How Important Is Visual Design? - a_pawlowski
Coming from a background of design, I could argue all day about the importance of great design. Whole companies have gained their competitive advantage, not because their product was better, but because their design was (scan.me who sold for 50mil - https:&#x2F;&#x2F;siliconslopes.com&#x2F;snapchat-buys-scan-me-for-50-million-a6d89221c2e6) . Design adds credibility and creates joy when using a product. I believe that companies who care about the design of their products, website, marketing materials, etc are taken more seriously and stand out among competitors - YET - I have seen over and over again the ugliest sites be massively popular and effective (reddit, hackernews) internet marketing funnels with design that would give any designer a conniption - yet they are highly profitable and convert like crazy. So my question is - How important is design, really? Curious to know how you feel.
======
PaulHoule
Often designers put their hearts into things that look like junk to people on
the outside, or otherwise are not appreciated or have practical downsides.
This is particularly well documented in architecture, see

[https://mitpress.mit.edu/books/learning-las-
vegas](https://mitpress.mit.edu/books/learning-las-vegas)

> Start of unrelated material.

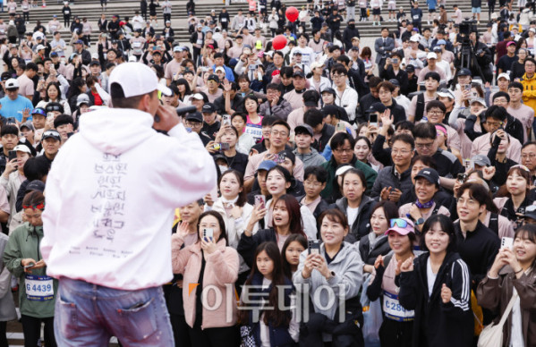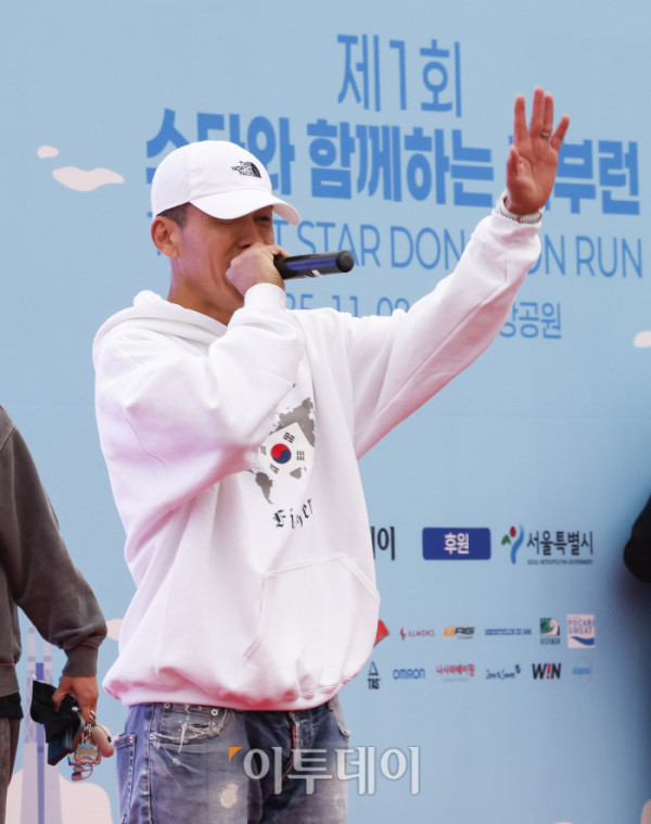 ▲가수 션이 8일 서울 광진구 뚝섬한강공원 수변무대 일대에서 열린 ‘제1회 스타와 함께하는 기부런’에서 축하공연을 하고 있다. 이투데이가 주최한 이번 행사는 '달리기를 통해 건강과 상생의 문화를 만들자'는 슬로건 아래, 시민들의 일상 속 스포츠 활동을 기부와 연결해 사회적 가치를 창출하기 위해 마련됐다. 평소 많은 기부와 선행을 하며 선한 영향력 확산에 앞장서는 가수 션 등과 시민 5000여 명이 함께한 ‘스타와 함께하는 기부런’ 수익금 일부는 루게릭 환우를 위해 ‘승일희망재단’에 기부된다. 조현호 기자 hyunho@

[https://www.amazon.com/Death-Life-Great-American-
Cities/dp/0...](https://www.amazon.com/Death-Life-Great-American-
Cities/dp/067974195X)

and also

[https://www.amazon.com/Visual-Display-Quantitative-
Informati...](https://www.amazon.com/Visual-Display-Quantitative-
Information/dp/1930824130)

I think there is nothing wrong with the "design" of reddit and HN. Those
designs do the job; I think in most cases the design is just a container for
the content. People come to these sites because they want to enjoy the
discussion, not because they want to enjoy art.

If anybody has a complaint about the design of HN, it is that they have a hard
time reading it on phones with small screens.